Лева Слободко написал недавно широкое полотно — «Гибель аса». От края до края все пространство занято кубиками, означавшими город с высоты птичьего полета, а над ними — белая спираль падающего самолета. Форма новая, подоплека реальная — «свежинкой попахивает». И Леве Слободко раскрыты объятия, его друзья всегда желанные гости в доме Эрнеста Борисовича, для них — накрытый стол, водка на столе, книжный шкаф, забитый монографиями о художниках всех времен и народов.
Здесь, в комнатах, покрытых коврами, можно не смущаться разбитых ботинок, под которыми остаются лужицы растаявшего снега. Разбитые ботинки, залатанные штаны, обтерханные карманы — неизбежная принадлежность созревающего таланта. Лева Православный пользовался большим уважением хозяина, чем Вячеслав Чернышев, на котором костюм всегда сидит щеголевато.
И конечно, здесь — полная свобода слова. Считается — почетно сокрушать авторитеты. Можно, если сочтешь нужным, обложить и самого хозяина. Но хозяин и сам зубаст, говорит негромко, вежливо, взвешивая и оттачивая каждую фразу.

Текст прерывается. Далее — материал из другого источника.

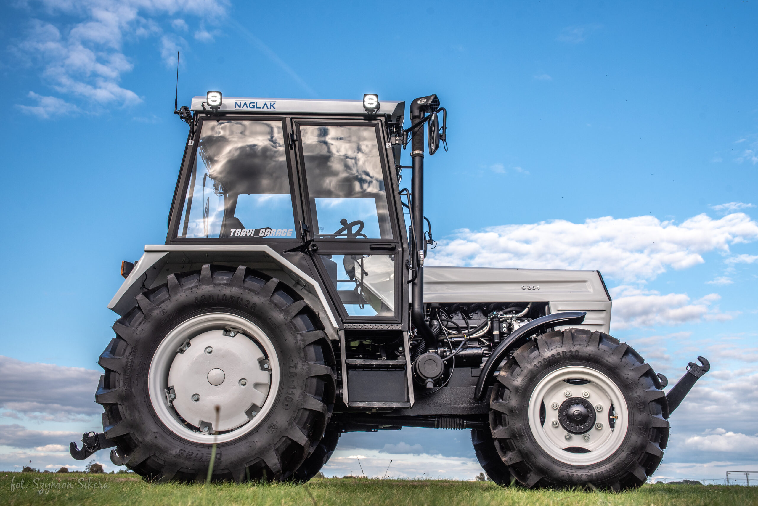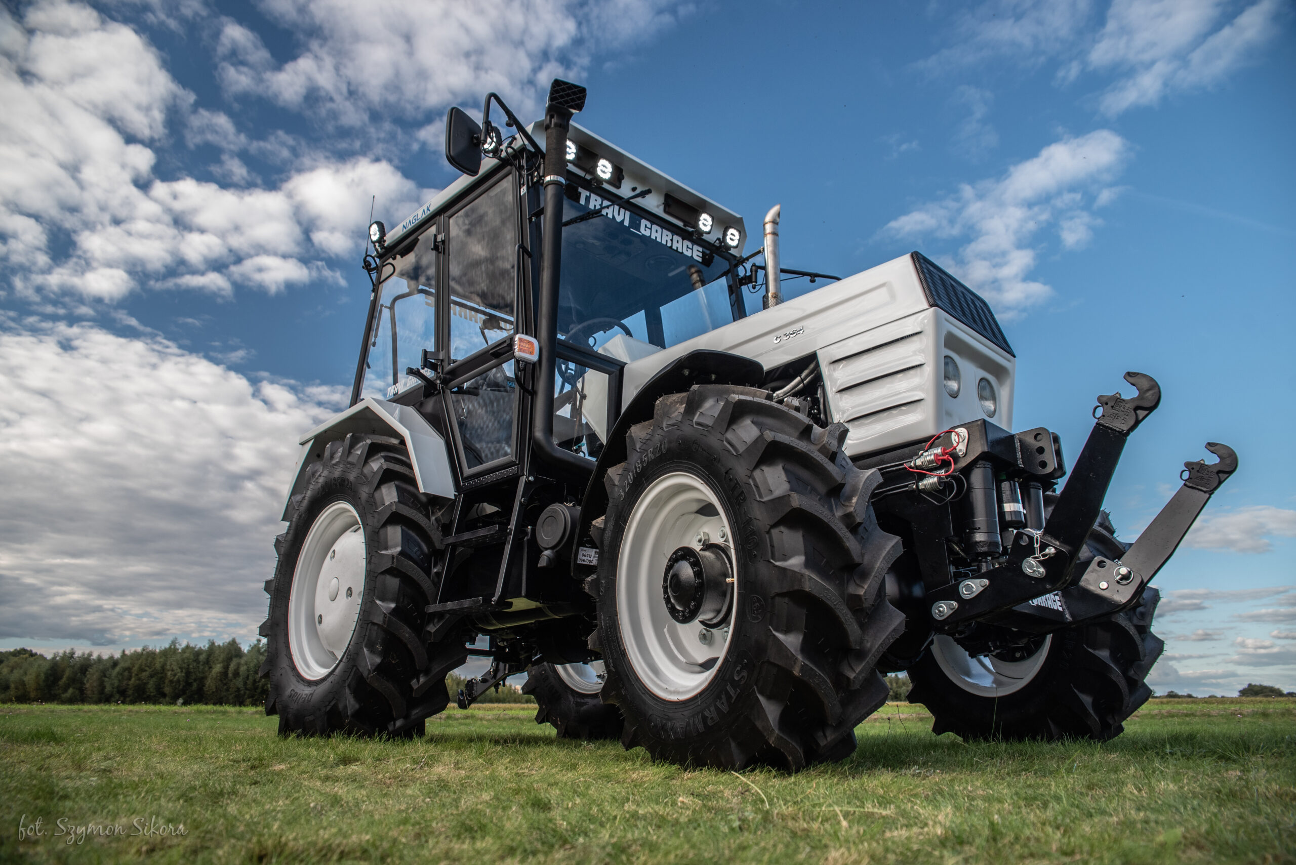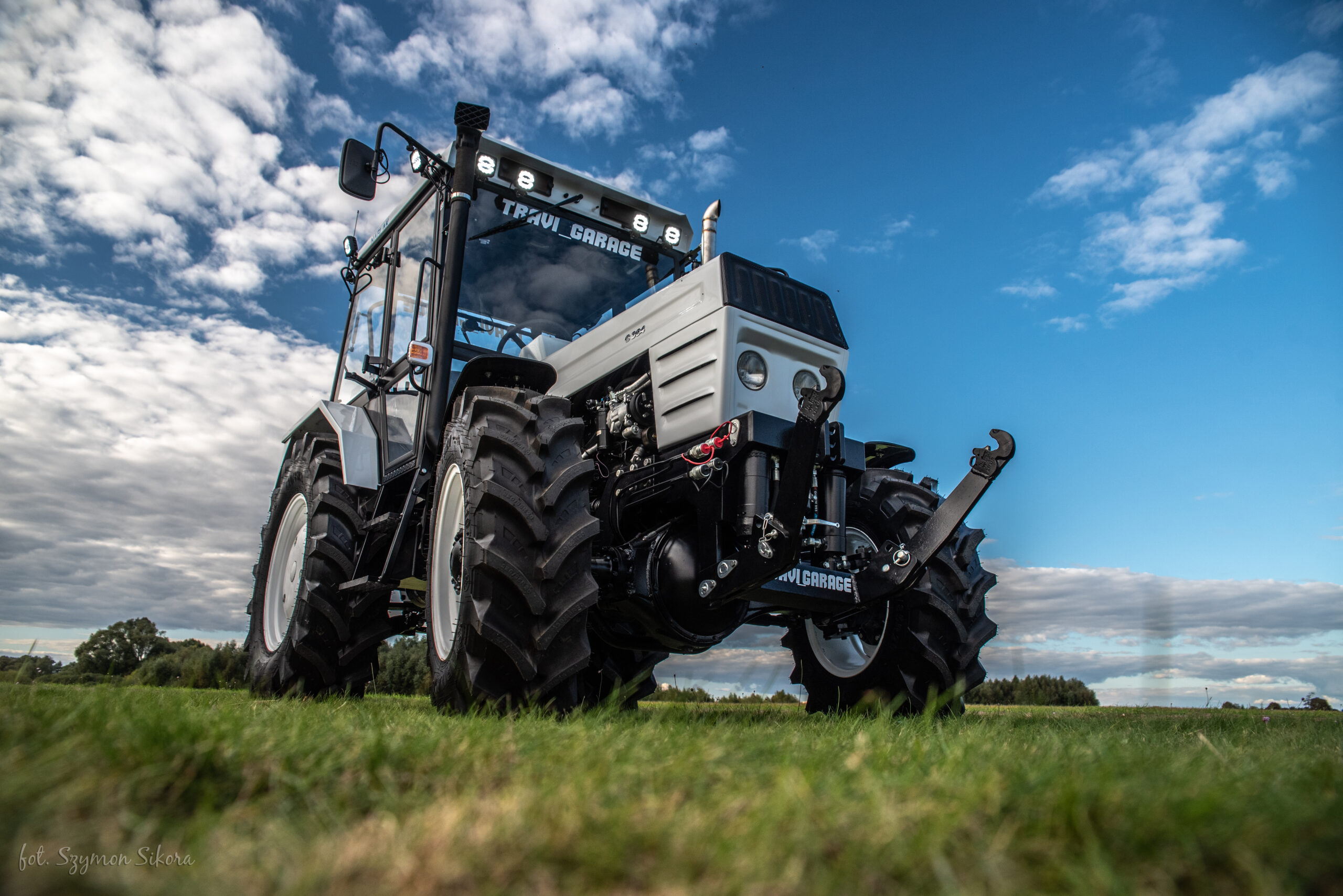 Zdecydowanie największy i najbardziej zaawansowany projekt ekipy TRAVI_GARAGE. BIZON Z056 Super z 1981 roku zakupiony w grudniu 2023 roku od razu został poddany rozbiórce i kompletnej przebudowie. Od samego początku projekt zakładał najnowocześniejsze rozwiązania techniczne. Bracia chcieli zrobić najlepszego BIZONA Z056 super na świecie. Przeszczepili do niego kompletny napęd hydrostatyczny 4×4 co całkowicie eliminuje największe bolączki tego kombajnu. Zbiornik na ziarno został powiększony o około 400 kg a rura wysypu została przerobiona na rozkładanie hydrauliczne. Kombajn został wyposażony w system wydajnych sit co przełoży się na lepszą wydajność. Zastosowana została również długa gardziel z BIZONA REKORDA MILENIUM i nowoczesny heder marki NEW HOLLAND. Podest oraz kabina wykonana została na indywidualne zamówienie przez firmę NAGLAK. Te wszystkie modyfikacje złożyły się na niesamowitą poprawę widoczności. Cały kombajn został wypiaskowany i wyremontowany do ostatniej śrubki. Bracia pomalowali go na swój charakterystyczny biały kolor z czarnymi dodatkami. Wszystkie elementy systemu omłotu zostały idealnie wyważone. Obudowy łożysk i inne ważne elementy zostały zgalwanizowane. W kabinie kombajnu zostaną zamontowane nowoczesne konsole oraz joystick do jazdy. Kabina wyposażona jest w nowoczesną regulowaną kolumnę kierownicy, automatyczną klimatyzację, nagrzewnicę, lodówkę, radio bluetooth z wyświetlaczem a nawet ekspres do kawy. Operator siedzieć będzie na w pełni regulowanym pneumatycznym fotelu. Do kombajnu będzie zamontowana nawigacja oraz czujnik mapowania plonu. Seryjny silnik SW400 został poddany rewizji i powrotnie zamontowany na kombajnie. Jego kultowe przyprawiające o dreszcze brzmienie od młodzieńczych lat wzbudzało u braci podziw i ogromne emocje. To właśnie dlatego silnik nie został wymieniony lub zmodyfikowany. Bracia od samego początku zakładali, że brzmienie tej bestii musi pozostać oryginalne. Cała reszta zostało przez nich bardziej lub mniej przerobiona i udoskonalona.

Сейчас он вышел, сияя розовой лысиной, торжественно выставив свой сурово-сизый подбородок, кривя сочные губы в улыбке:
— Милости прошу. У меня есть повинна… Сборник самых последних работ, выпущенный в Лейпциге. Очень любопытно…
Конечно, очень… Тесно уселись вокруг низкого журнального столика, Лева Слободко на правах признанного гения — в свободной позе, перекинув ногу на ногу, выставив на обозрение громоздкую меховую пиму. Лева Православный все норовит зарыться носом и очками в книгу. Федор ревниво оттесняет его плечом:
— Ну-ка, сдай назад. Ты не один.
Прямо в затылок Федору дышит Вячеслав. Он провожал на вокзал фронтового дружка, от него тянет спиртным. Иван Мыш чинно сложил на коленях руки, теснит ноги в сторонку, но все-таки занимает много места. Эрнест Борисович с невольным почтением разглядывает его широченную спину и налитый кровью загривок.
Эрнест Борисович терпеливо ждет…
В книге, в красных и черных тонах, — человек с распоротым животом, оскаленное лицо, вывалившиеся внутренности. Что там лошадь с поднятым копытом!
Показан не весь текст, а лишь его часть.